Sturm links the short stays primarily to the program’s hands-on management approach for admissions and care coordination, improved communication via electronic medical records, and EAHP’s unique ability to return members to an independent living environment where they have support services that are not available under traditional Medicare.
Replicating the EAHP model throughout the country could mean significant Medicare savings, says Sturm. “Think about the implication of that on a broader scale,” says Sturm.
Erickson is hopeful the federal government will see the benefits of the demonstration project and make it and EAHP a permanent part of the Medicare program.
“We want to help the Medicare program recognize better ways to provide better care,” says Sturm. “Being pioneers and solving challenges every day has proven to be a great environment to work in.”
—Les Masterson
Radiological Associates of Sacramento Medical Group, Sacramento, CA
Medical Group Practices
EMPLOYER OF CHOICE
A strong leadership team can’t successfully lead a medical group without a talented, dedicated staff willing to follow. Recognizing that teamwork must permeate throughout the organization, the six-person administrative team at Radiological Associates of Sacramento Medical Group agreed on a mission: to be the “employer of choice,” as well as the preeminent imaging services provider, in the greater Sacramento area.
What makes RAS’ initiative stand out is the environment in which it occurred. When reimbursement cuts and staffing shortages were pushing other providers to eliminate unprofitable services or pinch pennies, RAS poured money into an internal marketing campaign, offered up to $6,000 employee referral bonuses for hard-to-fill technical positions and up to $12,000 sign-on bonuses for new recruits, set up a $15,000, two-year scholarship program for employees who want to become technicians, and continued to invest in facility and equipment upgrades.
The transformation began in 2003, when RAS hired an outside firm to conduct its first employee satisfaction survey. Many groups would have been satisfied with ranking in the top 10 percent of all healthcare organizations—particularly if they were managing 750 employees and more than 70 physicians spread out over 15 diagnostic and nuclear imaging centers and seven radiation oncology offices. But the RAS administrative team concluded that wasn’t good enough given the industrywide shortages of radiologic technologists and other key positions, says Fred Gaschen, the group’s executive vice president.
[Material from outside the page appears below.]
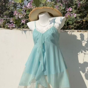 マーメイドラブソングロングスカートスーツヴィンテージレトロシフォントップスーツスリム夏
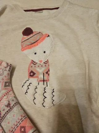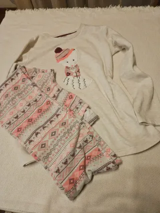 Set pigiama per bambina con simpatico disegno di un gatto con cappello e sciarpa. Ideale per le notti invernali. - Maglia a maniche lunghe. - Pantaloni lunghi con fantasia geometrica. - Morbido tessuto.

The team started with basic budgetary questions: “Where do we put our money? Should we cut back?” The conclusion, Gaschen says, was to focus on the long-term success of the organization and not obsess over short-term financials. “We’ve taken the high road and said if it means less profitability for the physician owners, so be it, as long as we are continuing to move in the right direction,” he says.
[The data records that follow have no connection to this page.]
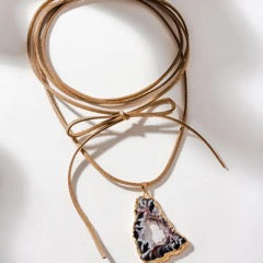 The Hold 'Em Bow Tie Wrap Necklace blends natural elegance with a touch of bohemian spirit. Featuring a hand-selected geode slice edged in gold, this versatile piece ties effortlessly around the neck with a soft suede cord in a neutral tone, offering endless styling possibilities.
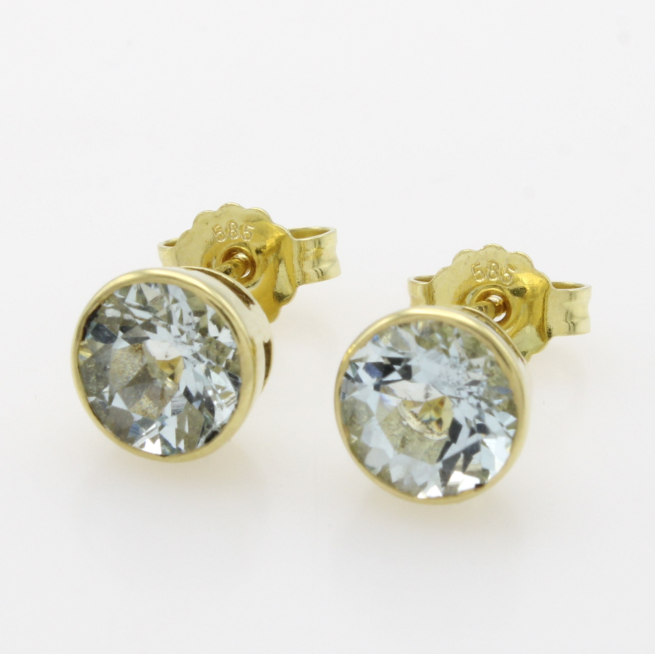 Paar Ohrstecker mit Aquamarinen, GG 585/000, 2 Aquam. in Zargenfassungen zus. ca. 2.2 ct Schätzpreis: 1480, - EUR
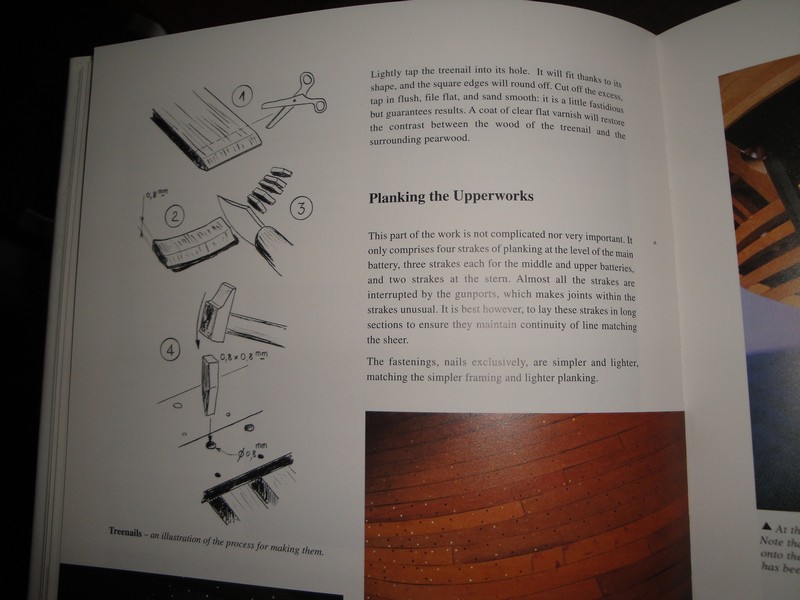 Taką ogólną zasadę przyjęto przy budowie okrętów. Jedynie w miejscu, gdzie miała znajdować się stanowisko działowe owy gwóźdź był zastępowany treenails, gdyż to miejsce było i tak wycinane

The team pitched new ideas and shared success stories in weekly two-hour administrative meetings. For daily administration, RAS encouraged team leaders to walk a few feet to their peers’ office for one-on-one interaction, rather than communicate through e-mail or over the phone.
The close teamwork and willingness to invest paid off, Gaschen says. When employees were resurveyed in 2006, ratings had gone up in all of the 44 survey categories. The RAS leadership team has lowered turnover in an industry in which 25 percent to 35 percent turnover isn’t uncommon, and it has reduced its number of locums employees from 14 to two.
All of this occurred while the group’s revenues continued to grow almost 300 percent over nine years. “That’s kind of like proof in the pudding that the emphasis on employee satisfaction and employee input in the operations has had a positive impact on our overall business, because we continue to see month over month, year over year, increased patient volumes,” Gaschen says.